=== Section Start ===

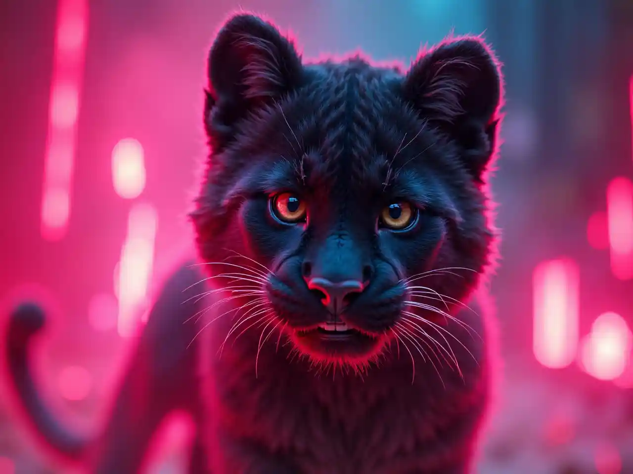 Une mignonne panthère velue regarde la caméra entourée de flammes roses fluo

=== Section End ===
=== Section Start ===

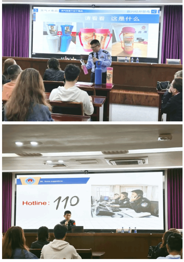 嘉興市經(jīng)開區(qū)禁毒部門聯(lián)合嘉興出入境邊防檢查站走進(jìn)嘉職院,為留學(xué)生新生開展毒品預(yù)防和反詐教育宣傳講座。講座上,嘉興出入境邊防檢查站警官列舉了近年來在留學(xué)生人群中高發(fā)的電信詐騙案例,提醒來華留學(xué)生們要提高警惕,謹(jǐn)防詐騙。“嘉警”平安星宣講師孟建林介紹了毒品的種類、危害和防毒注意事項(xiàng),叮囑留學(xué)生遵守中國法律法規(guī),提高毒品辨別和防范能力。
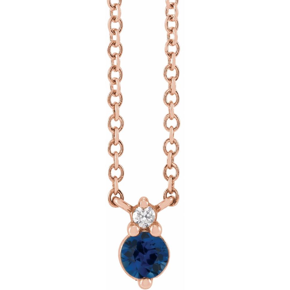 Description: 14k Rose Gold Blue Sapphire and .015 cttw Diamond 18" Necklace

=== Section End ===

- Work task:
Transcribe the lines above exactly, beginning at the one with "嘉興市經(jīng)開區(q" and ending at the one with "Description: 14k Rose". Include both; exclude the pictures.

- Solution for this exercise:
 嘉興市經(jīng)開區(qū)禁毒部門聯(lián)合嘉興出入境邊防檢查站走進(jìn)嘉職院,為留學(xué)生新生開展毒品預(yù)防和反詐教育宣傳講座。講座上,嘉興出入境邊防檢查站警官列舉了近年來在留學(xué)生人群中高發(fā)的電信詐騙案例,提醒來華留學(xué)生們要提高警惕,謹(jǐn)防詐騙。“嘉警”平安星宣講師孟建林介紹了毒品的種類、危害和防毒注意事項(xiàng),叮囑留學(xué)生遵守中國法律法規(guī),提高毒品辨別和防范能力。
 Description: 14k Rose Gold Blue Sapphire and .015 cttw Diamond 18" Necklace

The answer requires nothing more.